+++ Dataset extract +++

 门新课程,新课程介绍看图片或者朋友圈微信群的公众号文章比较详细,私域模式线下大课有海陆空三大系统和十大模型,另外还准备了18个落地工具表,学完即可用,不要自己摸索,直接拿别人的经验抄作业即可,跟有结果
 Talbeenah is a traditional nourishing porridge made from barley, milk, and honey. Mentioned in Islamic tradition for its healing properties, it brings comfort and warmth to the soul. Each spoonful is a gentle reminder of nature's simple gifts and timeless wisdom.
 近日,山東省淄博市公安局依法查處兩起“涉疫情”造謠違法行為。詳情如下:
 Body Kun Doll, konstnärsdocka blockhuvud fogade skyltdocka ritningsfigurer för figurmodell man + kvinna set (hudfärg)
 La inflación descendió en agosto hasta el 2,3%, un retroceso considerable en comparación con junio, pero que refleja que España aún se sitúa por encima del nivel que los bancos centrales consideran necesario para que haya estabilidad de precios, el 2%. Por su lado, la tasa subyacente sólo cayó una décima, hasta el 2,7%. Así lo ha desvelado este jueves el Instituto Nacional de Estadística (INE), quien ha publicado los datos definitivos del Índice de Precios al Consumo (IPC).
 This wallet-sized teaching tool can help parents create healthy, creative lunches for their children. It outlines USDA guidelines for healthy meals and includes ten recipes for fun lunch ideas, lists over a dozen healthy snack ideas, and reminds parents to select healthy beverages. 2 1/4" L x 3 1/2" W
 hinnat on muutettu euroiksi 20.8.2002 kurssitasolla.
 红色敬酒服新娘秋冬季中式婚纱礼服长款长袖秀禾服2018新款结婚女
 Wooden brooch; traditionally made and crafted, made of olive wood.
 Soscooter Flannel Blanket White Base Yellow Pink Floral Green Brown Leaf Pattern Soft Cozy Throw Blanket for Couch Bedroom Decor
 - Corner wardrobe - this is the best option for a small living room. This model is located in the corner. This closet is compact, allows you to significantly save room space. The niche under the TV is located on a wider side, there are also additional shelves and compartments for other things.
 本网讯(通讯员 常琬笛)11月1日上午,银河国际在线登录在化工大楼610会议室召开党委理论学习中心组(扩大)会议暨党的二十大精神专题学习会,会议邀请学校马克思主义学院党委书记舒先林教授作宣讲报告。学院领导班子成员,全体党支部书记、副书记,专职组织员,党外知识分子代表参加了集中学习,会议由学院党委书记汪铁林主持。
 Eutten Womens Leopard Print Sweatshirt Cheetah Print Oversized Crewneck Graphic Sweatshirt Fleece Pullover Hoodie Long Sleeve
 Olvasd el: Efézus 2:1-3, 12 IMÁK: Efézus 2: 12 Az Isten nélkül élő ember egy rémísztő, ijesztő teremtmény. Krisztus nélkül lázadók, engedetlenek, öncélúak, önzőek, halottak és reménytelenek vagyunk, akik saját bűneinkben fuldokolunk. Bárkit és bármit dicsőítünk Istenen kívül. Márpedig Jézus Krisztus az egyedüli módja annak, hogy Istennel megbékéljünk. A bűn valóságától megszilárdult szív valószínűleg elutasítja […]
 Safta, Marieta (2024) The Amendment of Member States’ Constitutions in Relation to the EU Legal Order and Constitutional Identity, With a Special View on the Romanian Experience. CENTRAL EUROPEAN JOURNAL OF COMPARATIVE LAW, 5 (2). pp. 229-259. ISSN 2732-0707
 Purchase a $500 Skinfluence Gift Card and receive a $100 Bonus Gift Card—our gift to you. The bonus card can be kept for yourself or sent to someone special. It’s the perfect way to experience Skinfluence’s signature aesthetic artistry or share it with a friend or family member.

+++

* Work order *
What needs duplicating is the run of lines from the one containing "红色敬酒服新娘秋冬季中式婚纱礼服长款长袖秀禾服2018新款结婚女" through the last line of the entries above, exact and complete.

* Written reply *
 红色敬酒服新娘秋冬季中式婚纱礼服长款长袖秀禾服2018新款结婚女
 Wooden brooch; traditionally made and crafted, made of olive wood.
 Soscooter Flannel Blanket White Base Yellow Pink Floral Green Brown Leaf Pattern Soft Cozy Throw Blanket for Couch Bedroom Decor
 - Corner wardrobe - this is the best option for a small living room. This model is located in the corner. This closet is compact, allows you to significantly save room space. The niche under the TV is located on a wider side, there are also additional shelves and compartments for other things.
 本网讯(通讯员 常琬笛)11月1日上午,银河国际在线登录在化工大楼610会议室召开党委理论学习中心组(扩大)会议暨党的二十大精神专题学习会,会议邀请学校马克思主义学院党委书记舒先林教授作宣讲报告。学院领导班子成员,全体党支部书记、副书记,专职组织员,党外知识分子代表参加了集中学习,会议由学院党委书记汪铁林主持。
 Eutten Womens Leopard Print Sweatshirt Cheetah Print Oversized Crewneck Graphic Sweatshirt Fleece Pullover Hoodie Long Sleeve
 Olvasd el: Efézus 2:1-3, 12 IMÁK: Efézus 2: 12 Az Isten nélkül élő ember egy rémísztő, ijesztő teremtmény. Krisztus nélkül lázadók, engedetlenek, öncélúak, önzőek, halottak és reménytelenek vagyunk, akik saját bűneinkben fuldokolunk. Bárkit és bármit dicsőítünk Istenen kívül. Márpedig Jézus Krisztus az egyedüli módja annak, hogy Istennel megbékéljünk. A bűn valóságától megszilárdult szív valószínűleg elutasítja […]
 Safta, Marieta (2024) The Amendment of Member States’ Constitutions in Relation to the EU Legal Order and Constitutional Identity, With a Special View on the Romanian Experience. CENTRAL EUROPEAN JOURNAL OF COMPARATIVE LAW, 5 (2). pp. 229-259. ISSN 2732-0707
 Purchase a $500 Skinfluence Gift Card and receive a $100 Bonus Gift Card—our gift to you. The bonus card can be kept for yourself or sent to someone special. It’s the perfect way to experience Skinfluence’s signature aesthetic artistry or share it with a friend or family member.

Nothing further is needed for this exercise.